Şahin, Atlas, Miraç ve Yüksel’in yanına gelmiştik Mustafa abi ve Batuyla. Dinçel, Erendiz olayından sonra uzun bir süre görünmemiş ve Albaydan da kısa süreli izin aldığını duymuştum.1

“Çözebildiniz mi mesajlaşmayı?”

“Yarısını çözdük” dedi Miraç. Lafı bilgisayar başındaki Yüksel devam ettirdi;

“Smith, ‘Aslan Asya’ya göç etti’ yaklaşık iki dakika sonra ‘Aslan Asya’ya göç eder mi?’ mesajı geliyor buna da Smith bir buçuk saat sonra cevap veriyor ‘Bir Asya Aslanı’ ve hemen ardından olduğu yerin koordinatlarını atıyor fakat bu yazışma birkaç gün önce olmuş biz daha yeni keşfettiğimiz için oraya gittiğimiz de bir şey bulamadık.”

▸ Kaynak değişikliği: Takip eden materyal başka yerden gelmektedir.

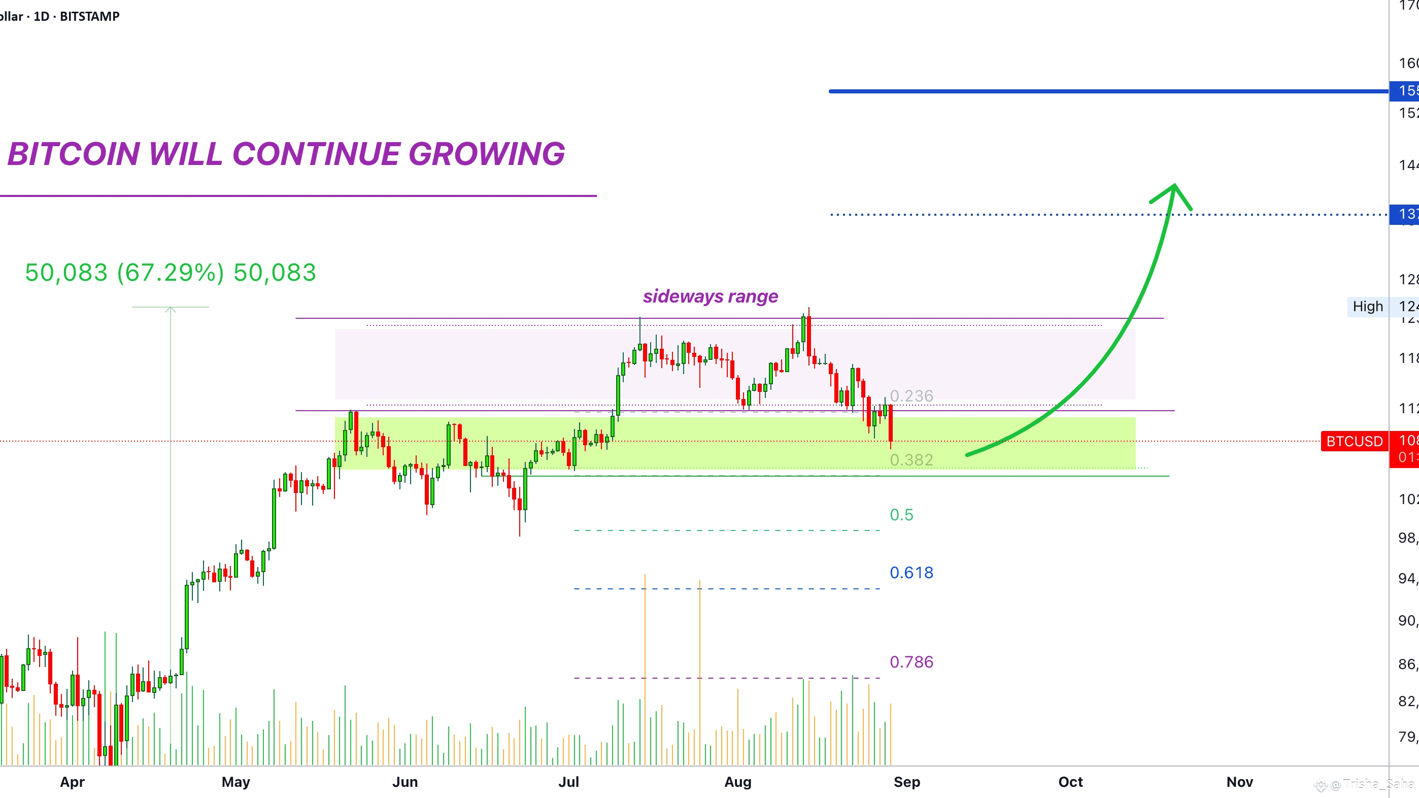Normalmente un ritracciamento penetrerebbe a metà della precedente fascia di consolidamento prima di invertire. Il Bitcoin ha toccato un minimo oggi di $107,488. Il più basso dal 8 luglio.

Atlas elindeki tabletle yanıma doğru yaklaştı “CIA’dan biriyle konuştuğunu biliyoruz, sembollerin birçoğu onların ambleminin farklı kombinasyonlarıydı.” ben bu amblemi ve sembolleri incelerken Mustafa Abi başına geçtiği bir bilgisayardan konuşmaya başladı “Yarısını çözdük dediniz değil mi?” “Evet” “Peki neden diğer yarısını çözemediniz. Ben söyleyeyim çünkü-”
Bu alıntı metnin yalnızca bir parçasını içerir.